A complaint made by Princess Beatrice has been upheld by the Independent Press Standards Organisation (IPSO) after the press watchdog decided publishing pictures of the royal in a bikini was an invasion of privacy.

The pictures appeared in an article in June which the Princess said were taken using a long lens camera. As a long lens was used to take the photos, Beatrice says this breaches her right to privacy as she was not in the public eye.

Furthermore, Princess Beatrice was distressed by comments in the article which “made explicit or abusive reference to her appearance”.

The Daily Mail argued that the article was not intrusive and that in fact the photos were taken with a 600mm lens when the boat was only 200m away from the shore. They say that Beatrice could be seen by the naked eye.

Whether or not this is the case cannot be proven, however, IPSO upheld Beatrice’s complaint agreeing that the newspaper breached her privacy.

Following the outcome of the complaint, the newspaper has offered to remove photographs on the website, but refuses to publish an apology.

According to IPSO: “The photographs did not show the complainant engaged in any official duties.

“The series of images showed her undressing, preparing to swim, jumping into the sea, swimming, showering, drying herself with a towel, socialising with friends, and applying sun tan lotion to her partner’s shoulders while dressed in a bikini. These were activities which formed part of her private life, and the effect of publication of a large number of images was to show in considerable detail the activities in which she was engaged.

“It was accepted, by the publication, that the boat had been anchored around 200m from the shoreline, and that it had been necessary to use a long lens in order to photograph the complainant.

“The fact that the photographs had been taken with professional equipment but yet were of low quality, and had been cropped prior to submission by the agency, indicated that they had been taken from a considerable distance.

“The committee was not therefore satisfied that the complainant had been identifiable to those on the shore, notwithstanding the fact that it was possible to see the yacht itself with the naked eye, and that there was another boat in the vicinity. The complainant had not been aware that the photographs were being taken.

“The taking and publishing of these photographs of the complainant, wearing a bikini, which the committee noted placed a gratuitous and invasive focus on parts of the complainant’s body which would not ordinarily be subject to public scrutiny, represented a serious intrusion into her privacy.
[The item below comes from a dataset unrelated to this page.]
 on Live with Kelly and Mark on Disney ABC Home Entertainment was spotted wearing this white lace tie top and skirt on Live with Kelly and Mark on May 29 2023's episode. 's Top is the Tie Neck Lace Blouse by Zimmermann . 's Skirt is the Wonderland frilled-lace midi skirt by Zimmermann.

“As the code makes clear, photographing an individual in such circumstances is unacceptable unless it can be justified in the public interest. The publication had not argued that there was a public interest in the publication of the photographs.
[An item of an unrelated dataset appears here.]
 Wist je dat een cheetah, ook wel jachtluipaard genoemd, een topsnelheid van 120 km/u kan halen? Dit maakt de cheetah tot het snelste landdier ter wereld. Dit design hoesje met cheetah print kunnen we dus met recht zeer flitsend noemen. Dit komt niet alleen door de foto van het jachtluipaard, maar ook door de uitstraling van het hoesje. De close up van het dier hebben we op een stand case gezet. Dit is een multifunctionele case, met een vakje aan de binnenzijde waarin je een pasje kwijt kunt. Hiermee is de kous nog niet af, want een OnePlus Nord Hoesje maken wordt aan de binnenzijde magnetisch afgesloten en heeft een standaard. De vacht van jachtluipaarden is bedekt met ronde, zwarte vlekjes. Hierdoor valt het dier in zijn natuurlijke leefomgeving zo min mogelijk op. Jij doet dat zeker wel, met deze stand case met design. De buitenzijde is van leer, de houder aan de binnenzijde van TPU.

“Rather, it argued that there had been no intrusion, as the complainant had been photographed wearing a bikini in the past and had not complained. The complainant was entitled to be concerned about details of her private life being exposed to scrutiny without her knowledge or consent, and the fact that photographs had previously been published showing her engaged in similar activities did not alter her right to privacy in these specific circumstances.”
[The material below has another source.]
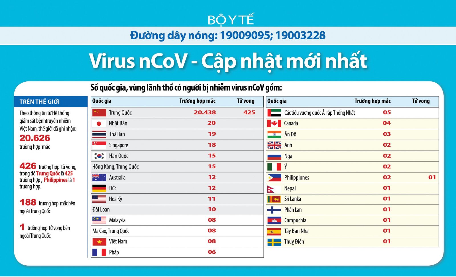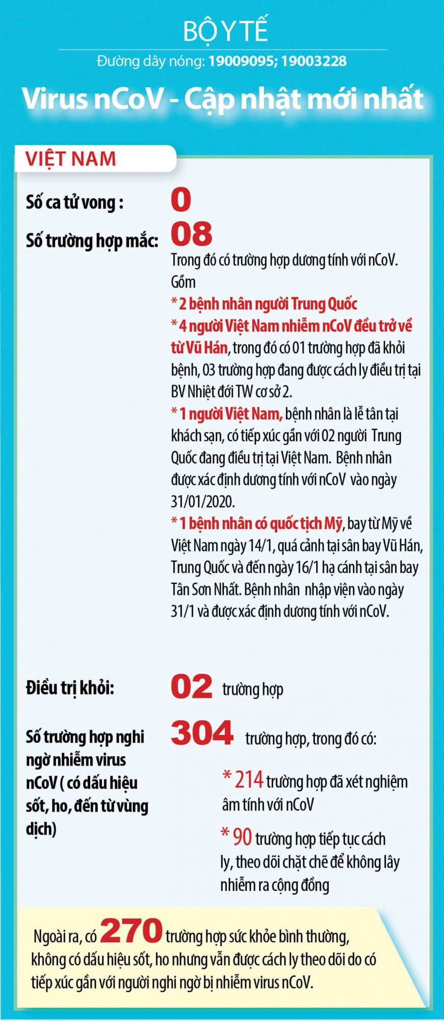 Cập nhập thông tin về Virus nCoV đến 07h:00 ngày 04/02/2020 (Nguồn Bộ Y tế)

This is not the first time British tabloids have been subject to investigation by IPSO over their coverage of the royals, and it certainly won’t be the last.

At the beginning of this year, The Sun falsely claimed that The Queen was in favour of the U.K leaving the European Union. IPSO said that this headline was misleading the public.

More recently, Kensington Palace have had to take action following the continuous harassment of Prince Harry’s girlfriend, Meghan Markle.

In a strongly worded statement released by the Palace, they called out racist and sexist harassment Miss Markle has been subjected to, along with her family.